E não é que teve bastante gente lendo? E, por causa dele, lá fui eu para a Austrália.

Lembro da sensação de chegar naquela imensidão que é o Congresso Mundial de Diabetes... eu, uma pessoa com diabetes, que não é uma profissional da área de saúde, para apresentar um trabalho sobre como a educação em diabetes é fundamental para a gente seguir de cabeça erguida com o diabetes do lado. 

Consegui fazer cursos da área de saúde que me deixaram perto de educadoras em diabetes que hoje são parte da minha vida doce. Nasceu uma Revista (a nossa EmDiabetes). Mais um Congresso Mundial, dessa vez lá nos Emirados Árabes para apresentar a Revista que era nosso projeto digital online e de acesso gratuito, feito de igual para igual, de paciente para paciente!

Chegaram a Nina que rima com insulina e o Pedro que rima com furo no dedo.
Nossa! O tanto de emoção que veio junto com cada criança - de todas as idades, até as mais velhas como eu! - me dizendo que a Nina e o Pedro eram iguais a elas.

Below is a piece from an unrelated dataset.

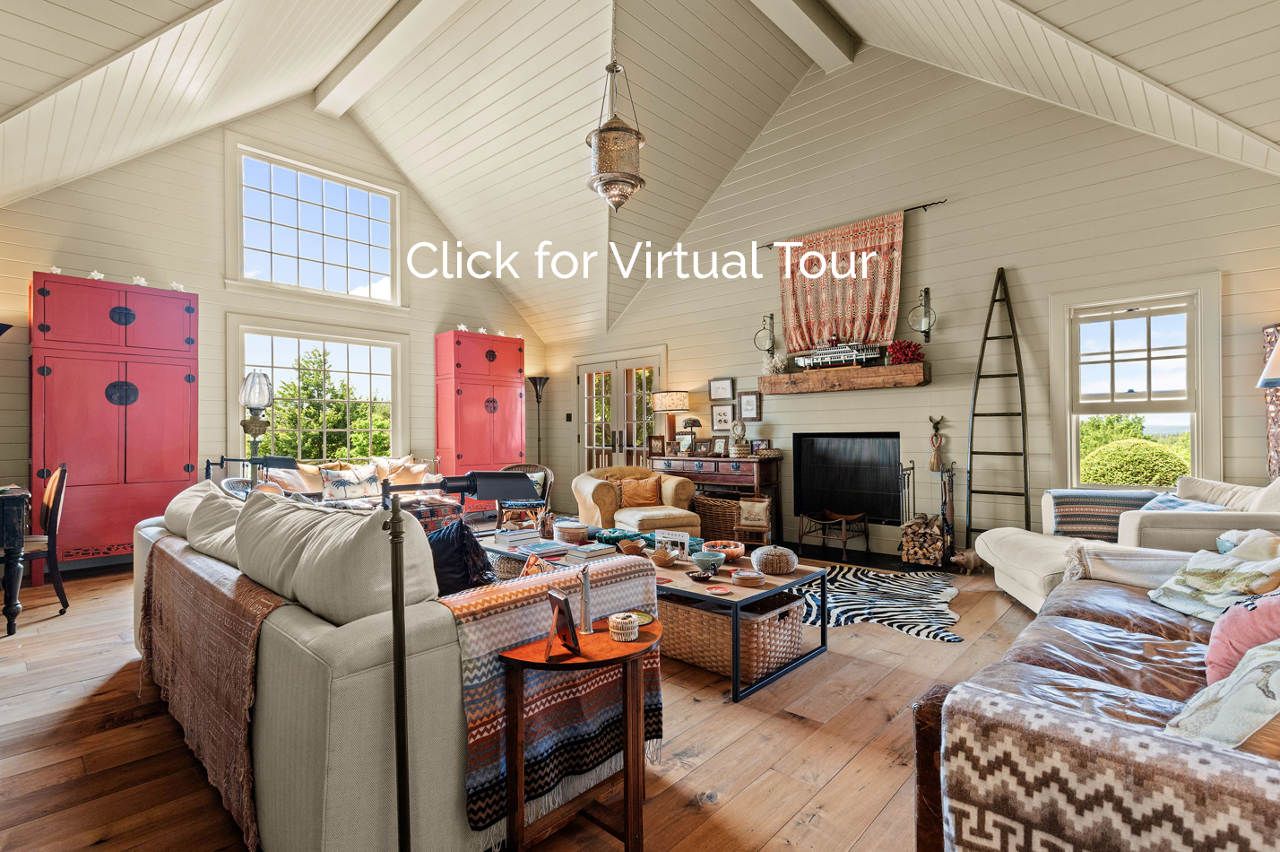 Anchoring the estate is the ground floor, open kitchen dining area with adjacent living and bunk rooms. The kitchen is a masterfully designed galley arrangement of antique style cabinetry, concrete countertops, and integrated panel appliances (2 Liebherr fridge/freezers, and two Miele dishwashers). The island, featuring a 48” Viking dual-gas range and bar sink, opens the space seamlessly, with vaulted ceiling enveloping the dining room, which sports in turn hand-hewn beams and ceiling dormer windows.

Nesse caminhar todo, o mais importante: apoio.
Tanto apoio! Muito apoio.
Dos meus. Dos que eram de casa. Dos chegados. Dos que se chegaram estendendo a mão me dizendo que estariam ali por mim.
Minha aceitação ao diabetes só aconteceu por causa dessas pessoas e desse acolhimento.

15 anos...

De lá para cá, passei por 6 tipos diferentes de insulina, alguns modelos de glicosímetro, sensor, fui das agulhas de 8mm para as de 6mm e agora as de 4mm. Entre tudo isso, os testes com as bombas de infusão de insulina.

De lá para cá, foram mais ou menos 27.395 aplicações de insulina; 21.912 furos no dedo; 200 sensores. Uns 60 exames de sangue. E essa mesma média de consultas com a minha endócrino. 

De lá para cá, puder carnavalizar, trabalhar, viajar! Brincar, pedalar, mergulhar, estudar, escrever, cantar!! 

De lá para cá, eu só agradeço por ter acesso ao que eu preciso para o meu tratamento.

Há 15 anos eu precisei mudar a minha maneira de ser livre. 
Deixar de ser jamais, mas adequar a minha liberdade às condicionantes que a partir dali eu precisaria cumprir.

E de lá para cá, eu agradeço diariamente por ter aprendido a conviver e a transformar a vida trazendo junto o diabetes tipo 1.